Monday, April 18, 2005

Part 2 of 2: Sunday

Racing, racing.

It was a good day for the Bud Team, though not a great one. I’m still a bit fuzzy on why they ordered a track bar change on a car that was running 3rd only 20 laps or so into the race. *glare* While he only went down to 15th or so, he spent most of the race struggling to get back up there. It was fun watching he and Mikey race it out, if it wasn’t for the anticipated crowing of the pro-Eury ant-Teresa crowd I’ll have to listen to on the boards for this next week. But still, it is another step forward. 20 laps before the end of the race, Dale Jr. had the second (or maybe it was the third) fastest time of all the cars on the track before his tires faded. There was some tension over the radio, but I think this is one of those things that “slow and steady wins the race”, I rather see a steady trek towards improvement, learning along the way, rather than spectacular results right out of the box only to have to team collapse in confusion when things don’t go smoothly. So Good Job Guys!

Props also to 15 team too; bit slow in the pits, but they obviously got that car goin’. Great Job Mikey! And to Elliott’s pit crew for throwing everything but the kitchen sink at that car and getting into the top 15 by the end of the race. Kasey. :( And Tony! *gasp* Dude do NOT scare us like that! I'll avoid all the "Hot-Temper" cliche jokes and just thank the Gawds the guy is relatively unharmed. How did fire get into the cockpit?

Is it just me, or does every time Biffle gets out in front he’s gone. Does that guy stash a canister of nitro in his suit or what? ;) Just kidding. Man, for a back up car coming ALL the way from the back, that was one hell of a win!

End to my Spring Break: Movies.

I watched Elektra and Hotel Rwanda yesterday. Electra was ... *M’eh*, the villains sucked, but Hotel Rwanda is something I think everyone should see.

The Rwandan genocide was an abject failure on the part of the U.N. and all the western powers (America and European) that claim a higher moral standard gives them the right to interfere in other nation’s development. These people were practically abandoned as the ethnic majority in the country, the Hutus, tried to eradicate the ethnic minority, the Tutsis, as the standing army fought off rebel forces. The media got the story out, but no government cared enough to bother. Over 800,000 Tutsis, men women and children, died in slaughter in streets and in genocidal prisons. In the middle of this incredible terror, Rusesabagina, like Schindler, used what he had, what he could charm, what he could barter, to save over 1,200 people who came from the ethnicities on both sides of the conflict.

And before people think that we, as Americans, are “so beyond this sort of thing”, look what we did to the Asian American population during WWII, at what we did to the African Americans during the Civil Rights movement, at what is happening in this country now.

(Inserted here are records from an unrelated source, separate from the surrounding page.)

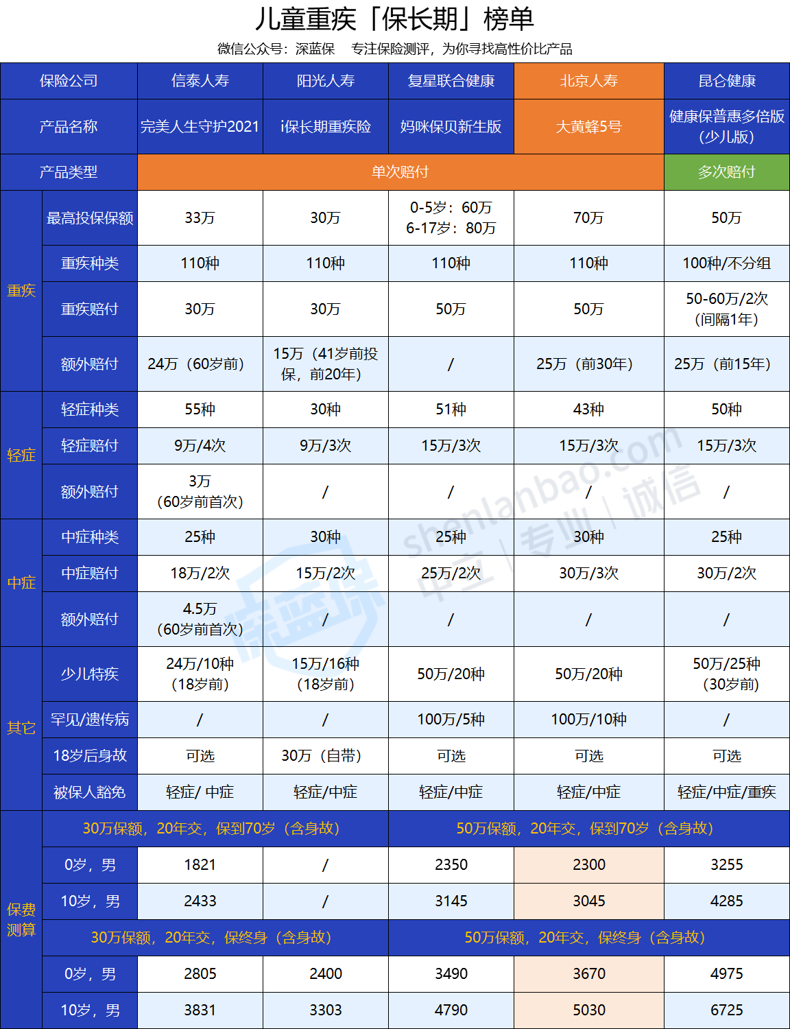 深蓝君挑选了市面热销的儿童重疾险来对比看看: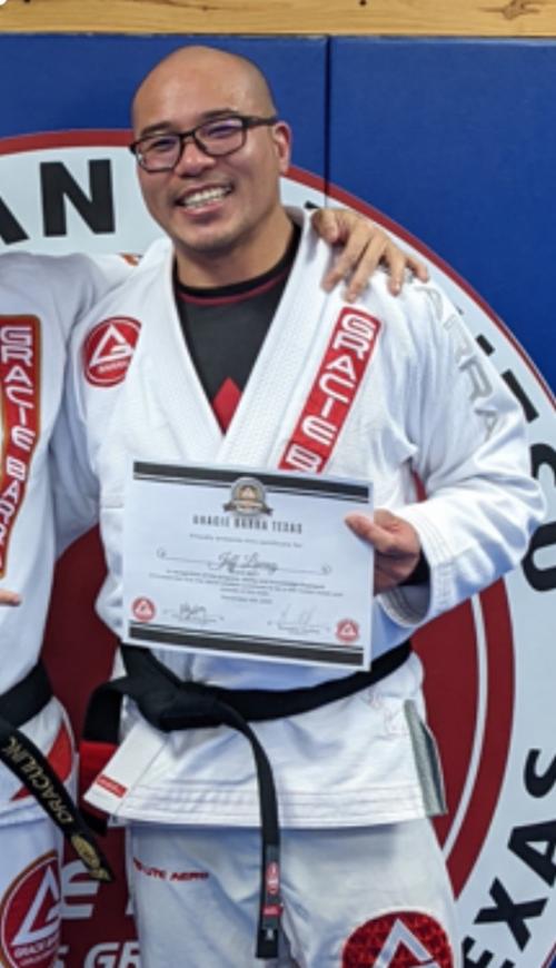 6th degree Black Belt and member of the dirty dozen (the first 12 non-Brazilian black belts). Chris was the first American to submit a Brazilian in competition, the first American to compete as a black belt at the Mundials in Brazil and he continues to travel the world spreading his Jiu Jitsu philosophy of think street, train sport and practice art. He is also known for his golden rules of grappling, coining the term combat base as the base with one knee up and one knee down, and saying, "It is not about who is good, but who is left. It's time on the mat. You will be somewhere in ten years, you might as well be a black belt too. Just don't quit."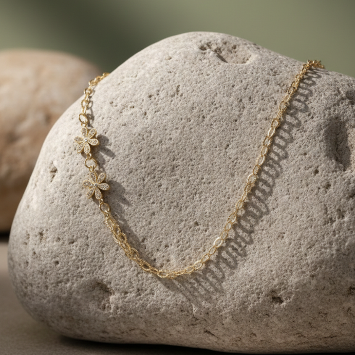 A delicate fusion of organic inspiration and refined craftsmanship unfolds through a classic link chain in 18K gold-plated finish, accented by two asymmetric crystal-encrusted blossoms. The intricate pavé setting captures light with every movement, while an elegant lock ensures secure wear with sophisticated detail.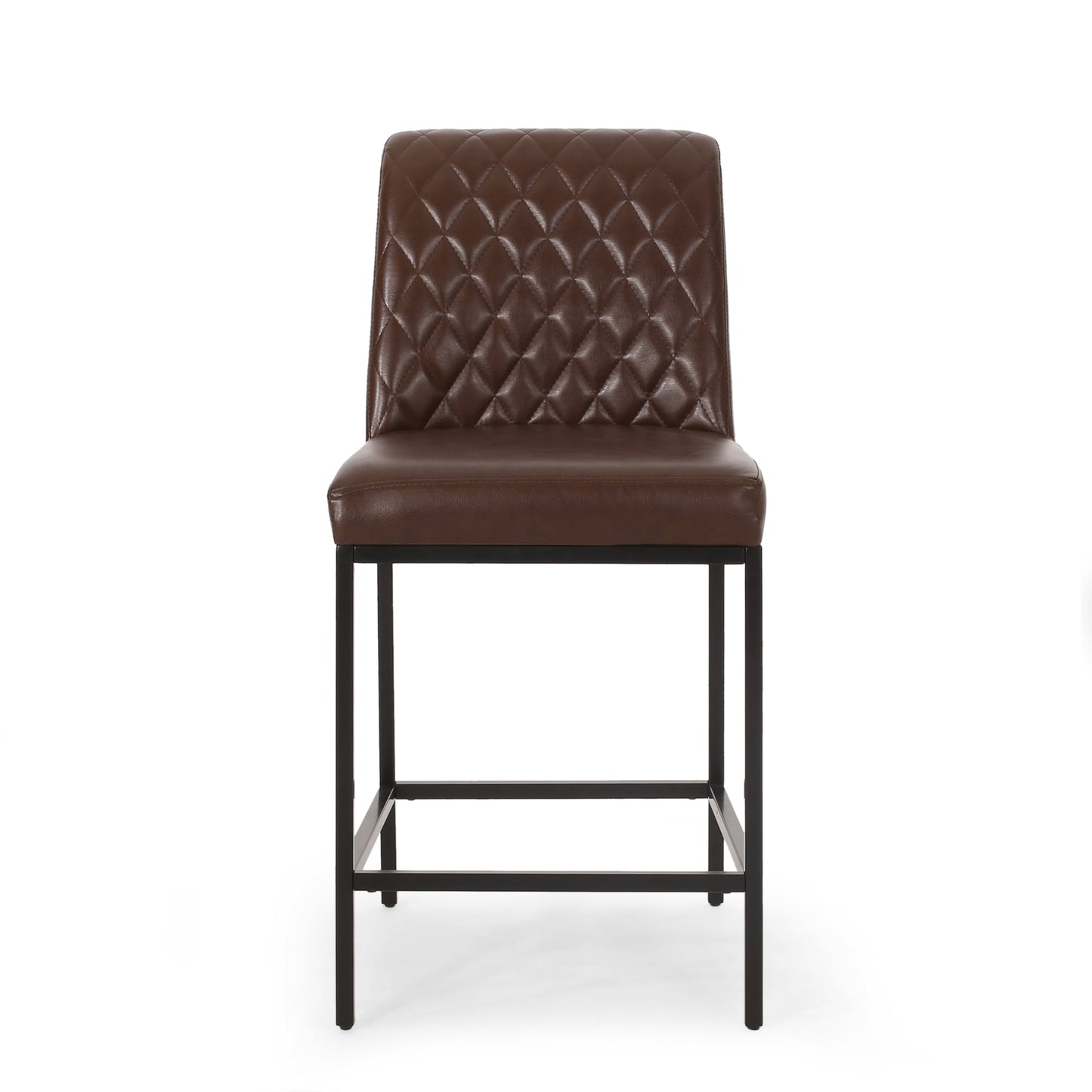 Bring style and comfort to your kitchen or dining area with this set of two counter stools. Designed with a contemporary aesthetic, these stools feature clean lines and a tufted diamond-stitch detail on the high backrest. Upholstered in smooth dark brown leather, they offer a timeless look that complements a variety of decor styles.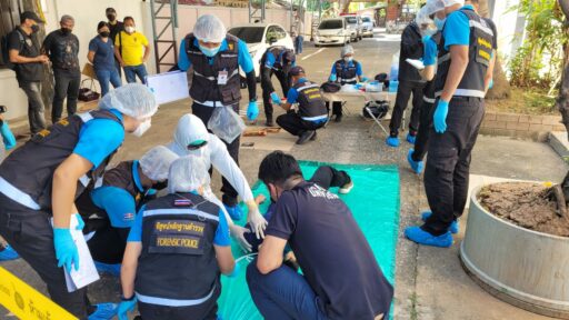 พนักงานสอบสวนจึงประสานตำรวจกลุ่มงานตรวจสถานที่เกิดเหตุ ศูนย์พิสูจน์หลักฐาน 6 พร้อมแพทย์เวร โรงพยาบาลมหาวิทยาลัยนเรศวร และเจ้าหน้าที่สมาคมกู้ภัยข่าวภาพมาร่วมตรวจสอบ เมื่อเข้าไปภายในห้องได้เจ้าหน้าที่ตำรวจจึงได้ร่วมกันตรวจที่เกิดเหตุก่อนนำร่างผู้เสียชีวิตออกมาชันสูตรนอกห้อง ทราบชื่อผู้เสียชีวิตคือ นายวิษณุ เวชชูชีพ อายุ 29 ปี อยู่บ้านเลขที่ 63/2 หมู่ 6 บ้านน้ำโจน ต.วังหิน อ.เมือง จ.ตาก เป็นเจ้าหน้าที่ธุรการของมหาวิทยาลัยเทคโนโลยีราชมงคลล้านนา ตาก สภาพศพสวมเสื้อยืดกีฬาสีน้ำเงิน นุ่งกางเกงขายาวสีดำ เบื้องต้นไม่พบบาดแผลหรือร่องรอยของการถูกทำร้าย มีทรัพย์สินของมีค่าอยู่ครบ คาดว่าเสียชีวิตมาแล้วไม่ต่ำกว่า 8 ชั่วโมง

We have armed militia, responsible to no one, out hunting down illegal aliens. How many steps is the Minuteman Project from the genocidal Interahamwe? It might not be as far as you think. And then there is the Red and Blue divide within our own nation. Given some of the rhetoric that people such as Ann Coulter have put out there such as “We need to execute people like John Walker in order to physically intimidate liberals, by making them realize that they can be killed, too. Otherwise, they will turn out to be outright traitors." Don’t exactly cool the flames of hate and establish a dialog of understanding.

The first question one asks oneself when hearing of any story like this is, “Could I be that brave?” Rusesabagina had opportunities to leave, but he stayed simply because he felt that if he abandoned the refugees at the hotel, “it would be as if I had killed them myself”. In today's modern society of denying responsibility for anything and everything, would we be able to instinctually recognize the responsibility we each have to each other? Are people like Rusesabagina and Schindler extordinary people or are they just like you and me in the right place at the right time? I don’t know. I don’t what I would do, I don’t think anyone can answer that question until faced with the gun. I can hope that we all would.